I wrote it on the back of my hand.
“Okay,” I said. “Got it. I’ll be home tonight. Dad, did you hear me say that?”
“Did you get the address?”
“Yes.”
“That’s Benny’s. We’re staying here tonight. It’s one hou
r and fifty-eight minutes away from where you are. If you’re in Alamosa, Colorado.”
“I’m in Alamosa.” I looked at Syd. I couldn’t imagine leaving her. The notion that in a few hours I’d be watching cartoons in a roomful of cousins was preposterous.
“I’ll be there,” I said. “I’ll call when I’m on my way.”
“Yes.” He was trying to keep his voice steady. “Please call.”
“Okay,” I said.
“Mir,” he said. “I was really pissed at you. I still am. But I love you. Okay?”
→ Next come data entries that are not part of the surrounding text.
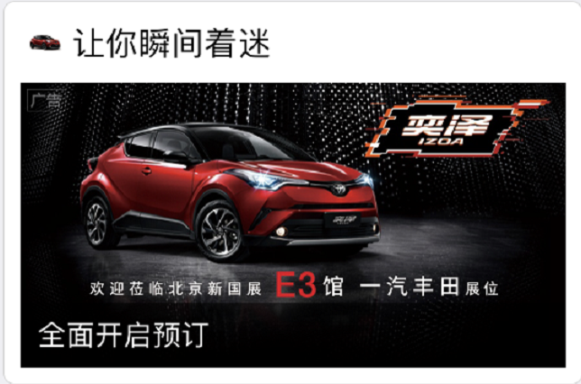搜狗正是洞察到新生代潮酷人群的這一特點,在推廣一汽豐田奕澤IZOA時,別出心裁地使用了一大亮點營銷方式,即當(dāng)用戶使用搜狗輸入法輸入“奕澤”、“豐田”、“車展”等關(guān)鍵詞時,或者是在安卓端任意場景下打開搜狗輸入法鍵盤,使用語音輸入“試駕豐田”、“豐田家用車”等短句時,就會看到一汽豐田奕澤IZOA的品牌廣告。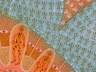 Above, top: A small-scale sculpture made of felt by the Japanese artist Mariko Suzuki, of the kind she uses to illustrate children's stories. Now based in New York, Suzuki works for the internationally known artist Jeff Koons; in her own art-making, in addition to her felt sculptures, she also creates drawings of imaginary worlds that are based on her dreams. See a detail of one such work immediately above. Photos by E.M.G.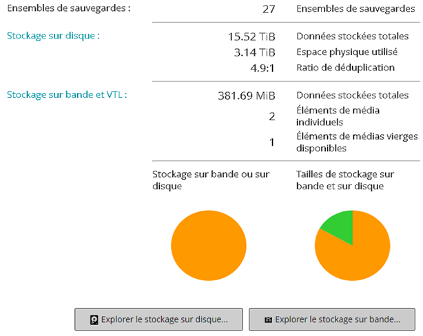 Cette zone affiche le nombre total d'ensembles de sauvegardes stockés dans les unités de stockage sur disque et sur bande.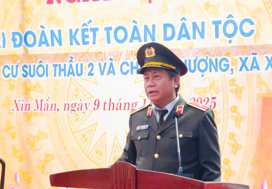 Phát biểu tại Ngày hội, Thiếu tướng Nguyễn Đức Thuận bày tỏ niềm vui mừng, phấn khởi trước những đổi thay trong đời sống của Nhân dân xã Xín Mần nói chung, liên khu dân cư Suôi Thầu 2 và Chí Cà Thượng nói riêng. Đồng chí đề nghị cấp uỷ, chính quyền xã tiếp tục phát huy vai trò của Mặt trận Tổ quốc và các tổ chức đoàn thể trong việc củng cố khối đại đoàn kết toàn dân; đẩy mạnh phong trào Toàn dân bảo vệ An ninh Tổ quốc, gắn với xây dựng nông thôn mới; đoàn kết, hỗ trợ nhau phát triển kinh tế, xây dựng môi trường an ninh trật tự; tích cực tham gia xây dựng đời sống văn hoá, giữ gìn vệ sinh môi trường, xây dựng cảnh quan khu dân cư ngày càng sáng – xanh – sạch – đẹp, văn minh.

“Okay.” I didn’t want Syd to hear me tell my dad I loved him. “Me too.”
“Okay.”
“Okay, bye.” I hung up.
“You need to go.” Syd was so vulnerable. It was weird.
“What if you came with me?” I said.
“That’s really sweet.” She nodded, holding back tears. “But I can’t.”
“What are you going to do?”
“I’m going to stay here. Until the fall. I took the GED. I got into NMSU and UNM. I think I’ll go to UNM. They offered me a scholarship.”
“What about Stanford?” I felt a stab of guilt for asking.
She nodded slowly. “Well. I asked if I could defer my enrollment. Until next year. I explained everything. Well, not everything. But how I had to come here and how I’m sort of taking care of my mom. I thought they’d laugh in my face, but they were actually pretty cool. The request is still under consideration. I guess I’ll know sometime soon. But I don’t even know if I want to go there. I only applied there because—ugh.” She looked down into her lap. “It’s so stupid now, I don’t want to say it. But I only applied there because Samuel told me—he told me he was trying to get a visiting professorship there.” She seemed not to believe what she was saying, how ridiculous it was. She took a sharp breath and held it and shook her head. “I was so stupid.”